L&I cracks down on unregistered residential wood framers

TUMWATER - The Department of Labor & Industries has stepped up its efforts to sign up residential wood framers in the state's workers' compensation program, appealing to homebuilders and general contractors to not hire framers who don't contribute to the state system.

"Our goal is to get general contractors to work with us and not use these subcontractors who aren't contributing," said Kathy Vargas, a Region 4 auditor based in Vancouver. "If illegal framers can't get the work, they'll either get legal or be out of business."

The crackdown is the latest step in a framing initiative L&I launched last summer. The initiative has two goals: to reduce injuries, and to increase participation in the state-run workers' compensation program. Accomplishing both objectives has the potential to lower the premiums paid by framers who comply with state law and contribute to the insurance plan.

Though the numbers are tentative, early indications are the initiative is working. Between July and December of last year, eye injuries declined 32 percent. Injuries caused by falls from ladders were down 17 percent.

During that same period, L&I nearly tripled the number of safety inspections and contacts it made with contractors. The program also has signed up about 100 residential wood framers who previously had not been been contributing to the workers' compensation fund.

The inspections also uncovered numerous small companies that owe L&I thousands of dollars in back insurance premiums. Working with area general contractors, L&I has moved to put two such Clark County companies - Framing Constructors LLC and Framing Systems LLC, both owned by Rick Reynolds - out of business.

To help in the effort, L&I is urging building trade associations and residential homebuilders to not do business with framers who aren't registered and don't contribute to the workers' compensation fund.
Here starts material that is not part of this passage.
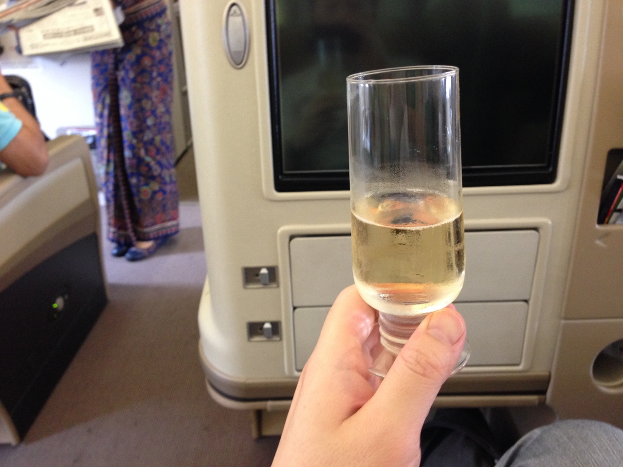 優先搭乗後、ウエルカムドリンクにシャンパンをいただき優雅な気分。

One argument the agency is using to persuade general contractors to participate is that under state law, they ultimately are liable for unpaid workers' compensation premiums.

Contractors can verify a framer's status online by going to L&I's Web site. Once there, click on Specialty Compliance, and then scroll down to Contractor Premium Status Information and click on that. You can check on a contractor's status by either typing in the company's name or UBI number. Contractors also can check on a subcontractor by phoning L&I's office in Vancouver at 360-896-2304.
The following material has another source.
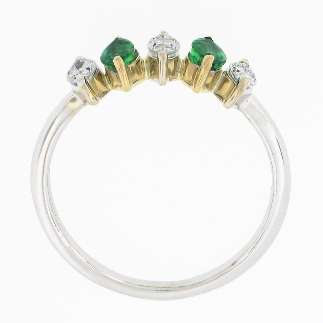 A new solid 18k two tone gold ring. with 2 marquise cut natural emeralds (0.33ctw), and 3 marquise cut natural diamonds (G/H - 0.33ctw ; 0.33ctw). The ring is size 6.5, weighs a total of 2.54 grams, and measures 6.30mm wide.

Initially, the agency will focus its efforts in Clark County. Already it has increased safety inspections, and is writing up any residential construction project found not to be in compliance with state law. Throughout this spring and summer, the beefed-up inspection program will spread throughout the state.

"We want a level playing field, so that contractors who contribute to the fund and pay their fair share aren't at a financial disadvantage," said L&I Director Gary Moore. "Our goal isn't to cause unnecessary delays with our inspections. But we are determined to make this industry safer. And we are going to increase the number of framers who contribute to workers' compensation."

As a risk class, the building construction industry pays an average premium of $1.40 to the State Fund for every hour of work. Because of their poor safety record, and because so many residential wood framers avoid contributing to the fund, the premium for framers is nearly $1.98. And unlike many other trades in the construction industry, the premium for framers went up this year.

Labor & Industries manages the workers' compensation system in Washington. It oversees premium payments and benefits for about 160,000 employers and 1.8 million workers.

Over the past year, L&I has dramatically increased its pursuit of employers, workers and providers who commit fraud. Dozens of workers have received fraud orders to repay workers' compensation benefits they collected illegally. Some of those orders have been in excess of $400,000.

In one case, the owner of a hearing aid company went to jail for bilking L&I. And in the past few months, criminal charges were filed against a Brush Prairie couple for failing to pay employment taxes for the three businesses they own. That case is scheduled to go to trial in July in Clark County Superior Court.